Pippa wants to know if there’s a term for the rhetorical device of establishing a rhyme scheme, then departing from it by substituting a non-rhyming synonym (or related word) for a word that would complete the rhyme scheme? Something such as,

No blogger’s benigner
Than Berkeley’s Dave Winer.
But women distress him
(Especially J. Sessum,
And sometimes Liz Lawley
And quite often, Shelley).
As fall days grow dimmer
I turn to Steve Himmer.
My troubles seem fainter
When I read Frank Paynter.
No courtier or pageboy
Is Chris Locke (the Rageboy).
While wise, kind Doc Searls
Offers wisdom in oysters.

Apologies for the doggerel, and for not including several friends whose names didn’t provoke immediate candidates for rhyming (or would have disrupted the meter).
 
But back to the point — is there a name for that? I couldn’t think of one.

3 thoughts on “Beats Me

  1. I’ve heard it called “subverted rhyme,” but I don’t know if that’s an official term or just a term of convenience.
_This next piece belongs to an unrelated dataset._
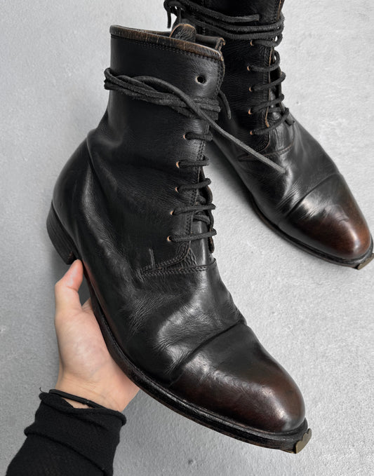 MiharaYasuhiro SS08 Distressed Leather Cap-Toe Military Heel Boots

  2. I don’t know a name for it, but it reminds me of those semi-bowdlerized off-color ditties that substitute, at a line’s end, a harmless word for the obvious and taboo word expected. Though the substitute word wouldn’t, I think, be a synonym or related word, but a highly-contrasting word to call attention to the substitution.

    As much as I like foul-mouthed poetry, I think the devise is actually more satisfying to me in your bit above.